そうした共通イメージのモデルとして松田さんは、既に30年前から循環型社会づくりに着手しているスイスの取り組みを紹介。
「スイスでは1971年のはじめに環境保護を憲法の中に盛り込んで以降、減量化を主眼とした徹底的な廃棄物対策が進められている。『まずごみを出さないこと』ということが市民生活の大前提で、ごみの中で土に戻るものはすべて堆肥化して土に戻していく。飲料容器もリターナブルできるびん容器が中心で、ホテルの冷蔵庫にはびん容器以外の飲料は備えられていない。
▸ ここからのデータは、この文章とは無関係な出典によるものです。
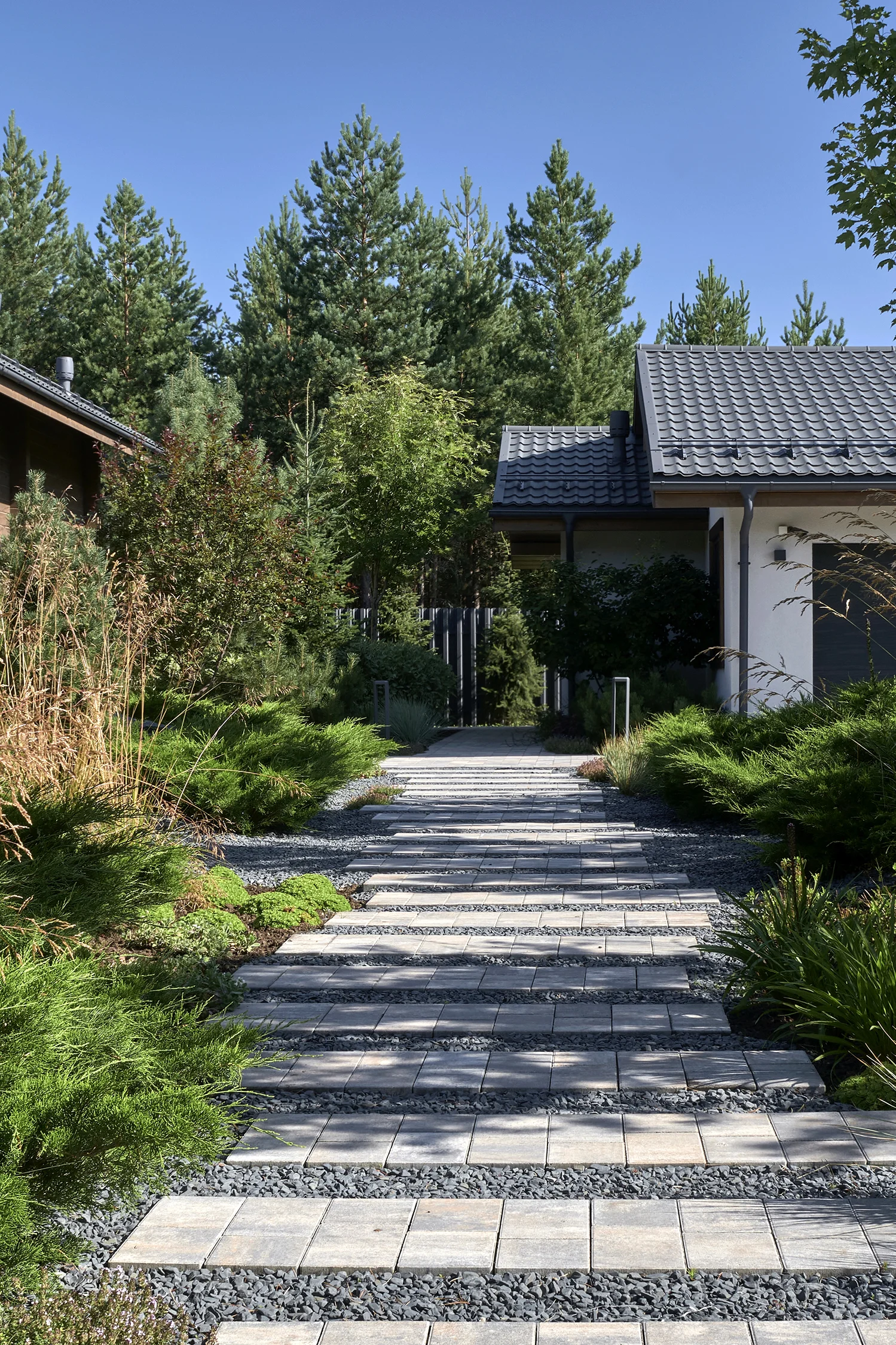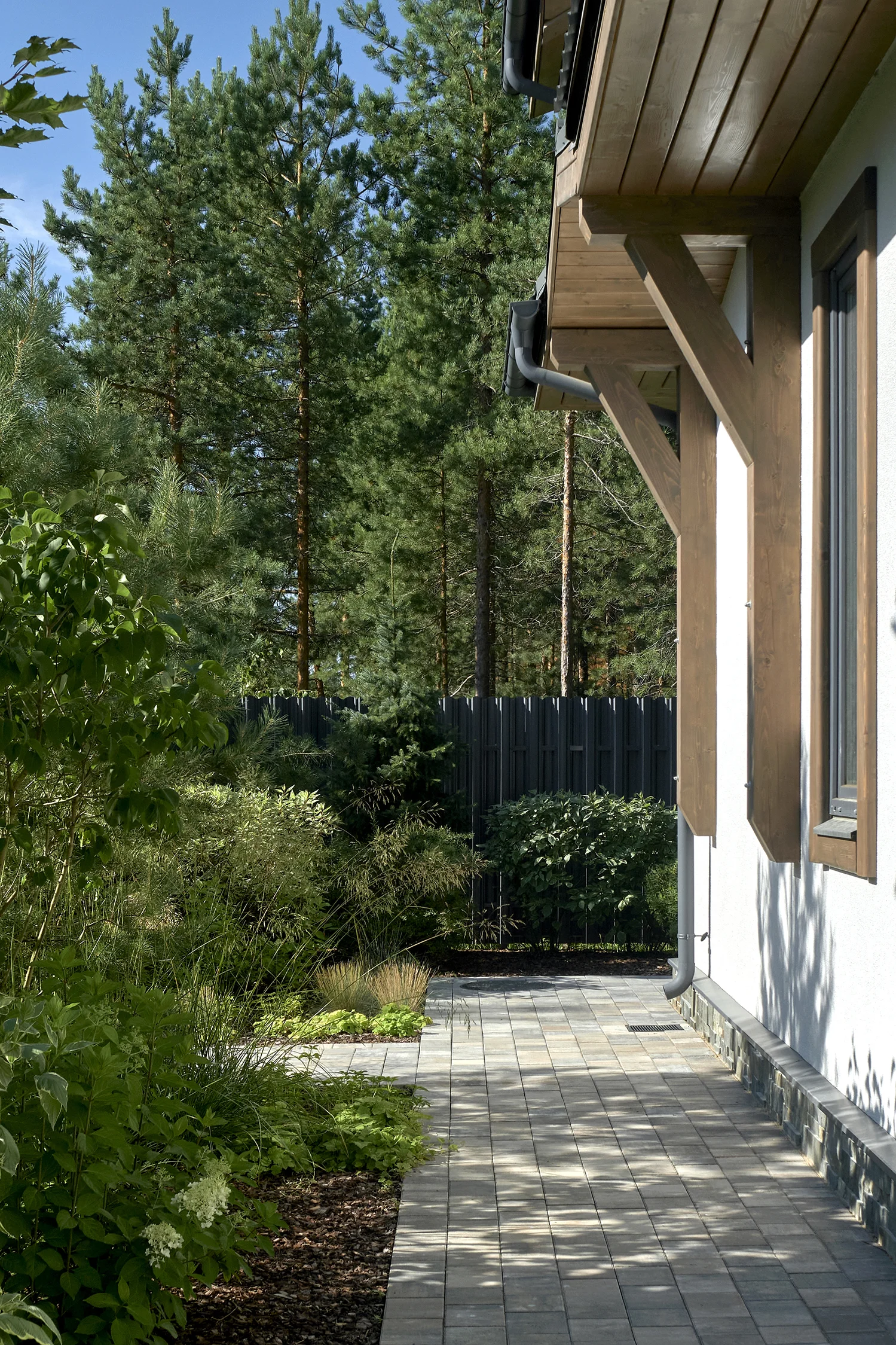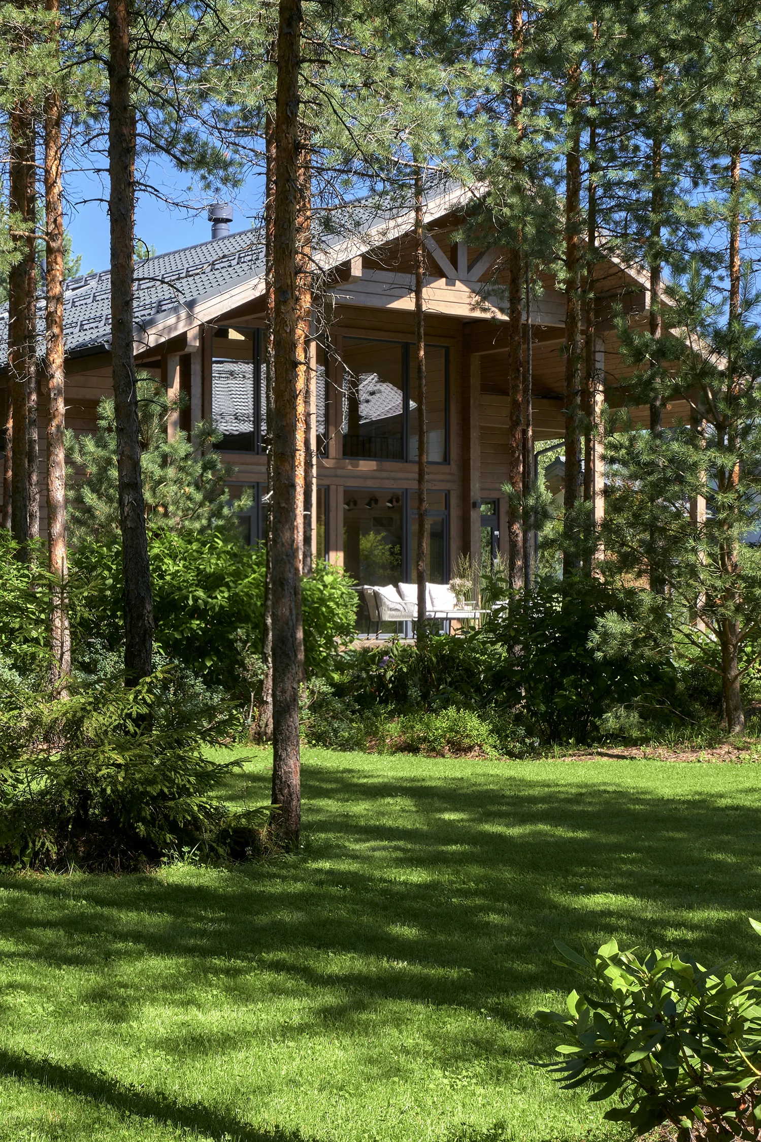 Die Geometrie der großen Wiese wurde von den Auftraggebern bestimmt – ihre Parameter entsprechen einem professionellen Badmintonplatz. In dieser sonnigen Zone fühlen sich auch die Liegestühle für die Sieger wohl, wenn das Match gespielt ist. Und danach können sich die Spieler auf ihre Häuser verteilen, die diskret voneinander durch einen Hügel mit karelischen Steinen, Gräsern und Kiefern in der Mitte verborgen werden.

環境に配慮することが一流ホテルの条件になっていて、もし冷蔵庫にPETボトルや缶が入っていれば、そのホテルは三流以下とみなされる」
また、マッターホルン山麓に広がるツェルマット村の取り組みについても、
「自動車道路の開通に伴う交通量の増加で環境悪化が懸念されていたツェルマット村では、憲法改正のわずか半年後に、企業と行政、村民がみんなで知恵を出し合って素早い対応を取った。まず、麓の駅から村までピストン輸送する登山列車を引いて観光客の自動車を規制する一方、当時は世界的にも珍しかった電気自動車に着目し、村内を走るバスやタクシー、ごみ収集車、郵便自動車、さらには一般・個人商店の自動車に至るまで、すべてを電気自動車に代える決定をした。ツェルマット村では、1865年に人間がはじめてマッターホルンに登った時と同じ空気を今でも吸うことができる」
と、そのユニークな試みを評価した上で、「30年前と言えば、日本はまだ高度成長路線の上をひた走っている時期。そんな時代に、スイスでは循環型社会の原点のような社会が、空想ではなく実現している。そんな国に日本もしていきたい」と、スイスの取り組みの中に循環型社会の理想的なイメージが見出されることを強調しました。